Quantitative Analysis:

  1. Reasoning Step Count: We sampled 100 examples and used GPT-4o to count reasoning steps. The post-RL model produced, on average, 2.7 more steps than the pre-RL model.

  2. Lexical Usage: We categorized two types of expressions:

    • Prompting words: "oh I see", "let me think step by step", "let me double check"
    • Logical connectives: "so", "therefore", "first", "but", "moreover"

    After RL, the average frequency of prompting words and logical connectives increased by 14% and 23%, respectively.

  3. Answer Accuracy: As shown in the Structure Perception subplot of Fig. 13 in the appendix, the final answer accuracy improved by an average of +20.56% after Stage 2 training.

These results collectively confirm that RL enhances both the coherence and effectiveness of CoT reasoning.

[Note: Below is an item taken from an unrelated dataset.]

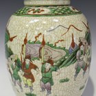 A Chinese famille verte crackle glazed porcelain ginger jar and domed cover, early 20th century, the ovoid body decorated with warriors, height 29cm (minor rim restoration).

We hope our response addresses your concern and we look forward to further discussion with you.

评论

The author provided more details about the creation of the initial CoT (Chain-of-Thought) generation, which was distilled from GPT-4o and Gemini-Pro with manual verification. Regarding the effect of reinforcement learning, they also included some analysis and experimental results.

The main weakness still lies in the model's generalization to common VQA tasks. While GRPO performs well in language-only QA tasks, the same strategy (Reason-RFT) does not generalize effectively to VQA.

评论

Q: "Generalization to common VQA tasks remains a concern. While GRPO performs well in language-only QA, the same Reason-RFT strategy does not generalize effectively to VQA."

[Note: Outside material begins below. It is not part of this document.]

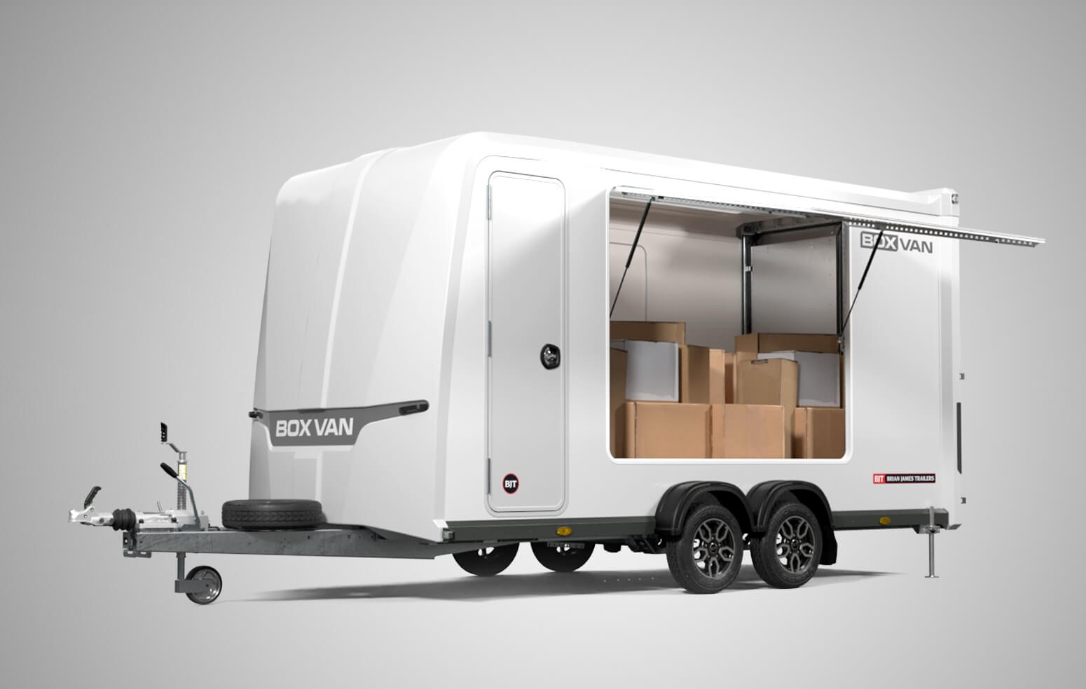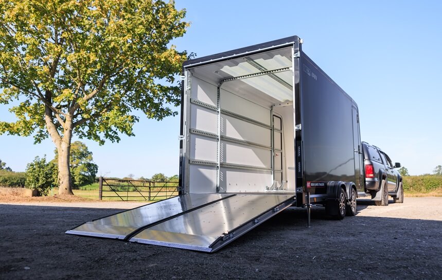 BRIAN JAMES TRAILERS - Remorque Fourgon BOX VAN - 4.50 m x 1.95 m - Fixe - 3.500 kg - 2 essieux - couleur ext. Noire - NOUVEAUTÉ !

A: Thank you for your concern. We would like to further clarify the context of Table 6 in our original submission. While the original results are based on a task-specialized training setup (Task1–3), we have also conducted additional experiments with a more diverse training set to better evaluate Reason-RFT’s generalization ability.


Clarification on Table 6 setup.

The results presented in Table 6 were obtained under a task-specialized training setup, where models were trained only on Task1~Task3 data, with the specific goal of examining how to enhance domain-specific complex reasoning without significantly impairing general VQA performance.

Clarification on the Generalization Behavior of Reason-RFT.

We fully agree that "GRPO demonstrates strong generalization in language-only QA" (e.g., DeepSeek-R1). However, it is important to note that such generalization performance is typically achieved using diverse and balanced reasoning training data, rather than from a few task-specific training sets.

To further investigate the generalization behavior of Reason-RFT under a more balanced training regime, we conducted additional experiments using the diverse visual reasoning dataset released in Appendix (Table 7), which is also shown below, supplemented with 35% of the original Task1~3 training data to maintain representational balance.

Dataset NameSamplesReasoning TypeDescription
AI2D1467Scientific ReasoningScientific diagram interpretation
ScienceQA2112Scientific ReasoningScience question answering
GVLQA-connectivity1199Topological ReasoningGraph connectivity problems
GVLQA-cycle1194Topological ReasoningCycle detection in graphs
GVLQA-hamilton1158Topological ReasoningHamiltonian path problems
GVLQA-topology1070Topological ReasoningGeneral topology questions
GVLQA-matching1193Topological ReasoningGraph matching tasks
PuzzleVQA1618Pattern/PuzzleVisual puzzle solving
IconQA5270Pattern/PuzzleIcon-based question answering
Raven982Pattern/PuzzleRaven's Progressive Matrices
GeoQA1500Geometric ReasoningGeometric problem solving
GeomVerse2841Geometric ReasoningAdvanced geometry challenges
Geometry3K3794Geometric ReasoningComprehensive geometry problems

The results are summarized below:

MethodMMMURealWorldQAMathVisionAI2DTask1Task2Task3
Zero-Shot (7B)54.1067.1916.3083.0052.6443.5913.01
+ANS-SFT56.72 (+2.62)69.44 (+2.25)19.11 (+2.81)84.35 (+1.35)49.4340.0251.20
+CoT-SFT58.66 (+4.56)70.05 (+2.86)19.34 (+3.04)84.79 (+1.79)51.3144.4546.12
+Reason-RFT-Zero53.88 (−0.22)71.89 (+4.70)21.60 (+5.30)81.92 (−1.08)54.8450.6939.45
+Reason-RFT61.73 (+7.63)74.33 (+7.14)26.30 (+10.00)87.21 (+4.21)58.2251.1059.33

These results clearly demonstrate that, when trained with more representative and diverse data, Reason-RFT consistently delivers the best generalization performance across evaluated common VQA benchmarks, while also preserving or improving its specialized reasoning ability on Task1~3.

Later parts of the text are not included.